I'm currently trying to use the Levenberg Marquardt optimisation method with Keras. In the attached file, I tried to link Keras to "scipy.optimize.least_squares".
My goal is to retrieve the very simple relationship y = 2*x out of a training dataset.
In the function "model_residuals", I compute the residuals using both Keras (residual list "r") and a simple linear regression model (residual list "r2"). When the function "model_residuals" returns "r2" (linear regression model), it converges very well towards the optimal solution.
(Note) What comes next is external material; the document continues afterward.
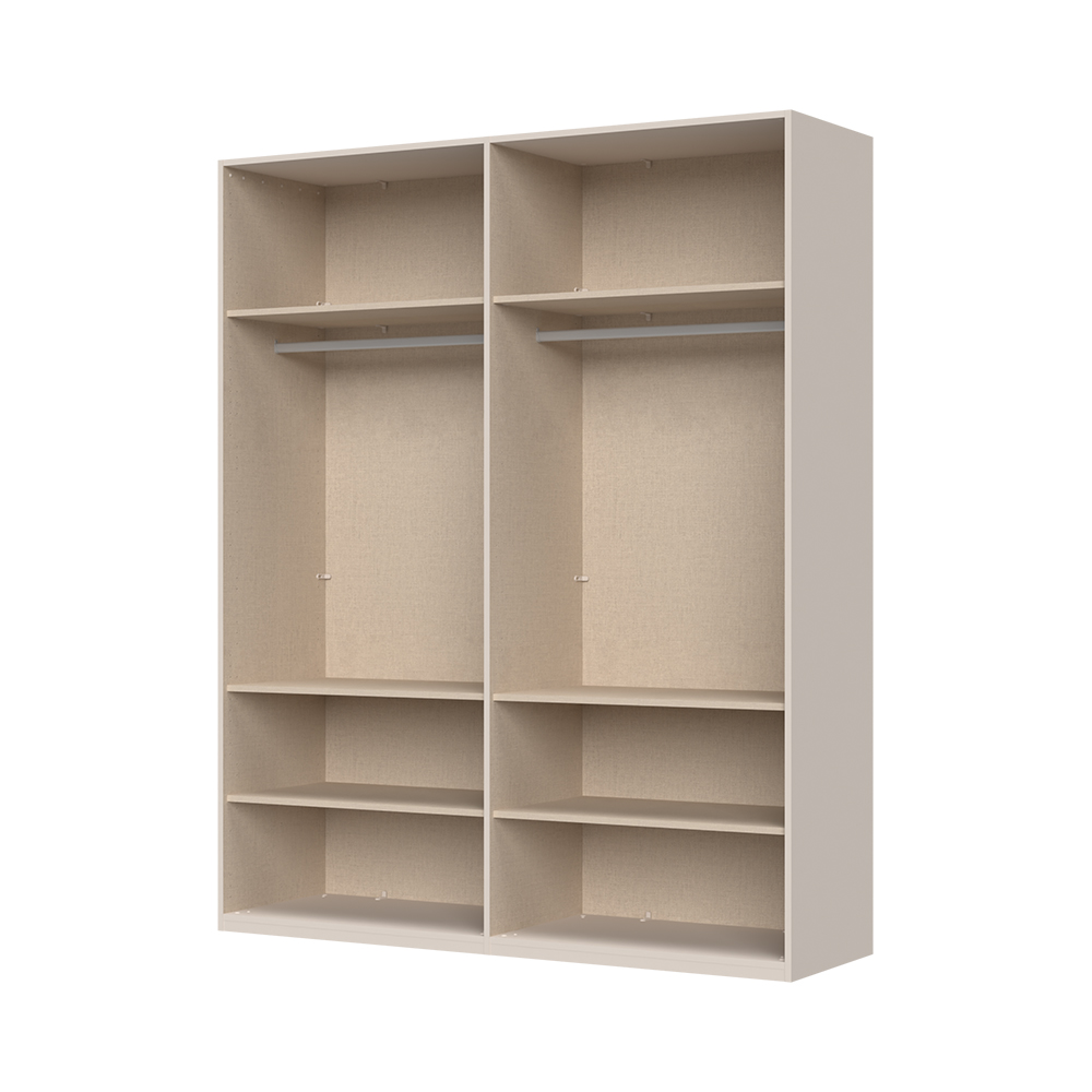 Sestava skříní OPERA nabízí šest polic a dvě šatní tyče, které poskytují dostatek úložného prostoru pro vaše oblečení a další věci. Díky možnosti přidání dalšího vybavení si můžete interiér skříně přizpůsobit podle svých potřeb.

However, when the function "model_residuals" returns "r" (Keras), it doesn't converge at all.
I was able to check that the residual lists "r" and "r2" are always almost exactly the same.
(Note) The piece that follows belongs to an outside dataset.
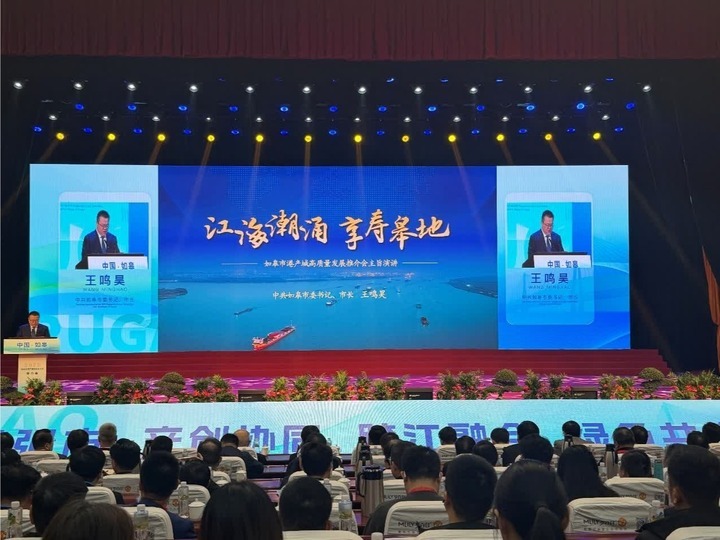 “奔涌的产业浪潮、科创的源头活水,正如长江入海般势不可挡,为‘长寿之乡’注入蓬勃朝气,为城市发展奠定深厚根基。”如皋市委书记、市长王鸣昊以“潮”为喻,分享了如皋润物无声的养生之道和江海潮涌的奋进之力。他介绍,港产城融合是在长三角一体化发展背景下,如皋激活长江黄金岸线价值、推动高质量发展、实现跨江向海突破的核心战略与关键路径。如皋致力构建“全域临港、全域向海”的发展格局,凝聚跨江向海的核心动力,为建设长三角港产城融合高质量发展标杆城市奠定坚实基础。
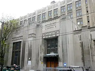 The Edward W. Bok Technical High School was a public high school in Philadelphia, Pennsylvania, designed by Irwin T. Catharine and named after literary figure Edward William Bok, editor of the Ladies' Home Journal. It was completed in February 1938 by the Public Works Administration (WPA) as a vocational high school at 8th & Mifflin Streets. As part of the Philadelphia Public Schools' Multiple Property Submission, the school was listed on the National Register of Historic Places in December, 1986. Bok High School was reorganized in 2006-2007 to prepare students for jobs in modern technology. After the 2012-2013 school year, the school was closed. In 2014, the school was renovated to become a home for over 200 businesses including restaurants, art studios, daycares, and hair salons.

Why does my program converge for "r2" and not for "r"?
Could someone please tell me what went wrong?
I copied the whole code below.
Best wishes.
import sys
import numpy as np
import matplotlib.pyplot as plt
from keras.models import Sequential
from keras.layers import Dense
from keras.optimizers import *
from scipy.optimize import least_squares
from copy import deepcopy
# Data generation.
np.random.seed(0); n_samples = 20;
X = np.linspace(-1, 1, n_samples)
y = 2 * X + np.random.randn(n_samples) * 0.1; # The equation / model we want to retrieve is Y = 2X.
# Construction of the Keras ANN model.
model = Sequential()
model.add(Dense(1, input_dim=1, use_bias=False, activation='linear'))
###########################################
# Function which returns the residuals as a list.
def model_residuals(params, x, y):
print(" params0 = ",params);
weights = deepcopy(params); # In order not to change "params".
weights = weights.reshape((1, 1))
model.layers[0].set_weights([weights]); # Set the weights of the model.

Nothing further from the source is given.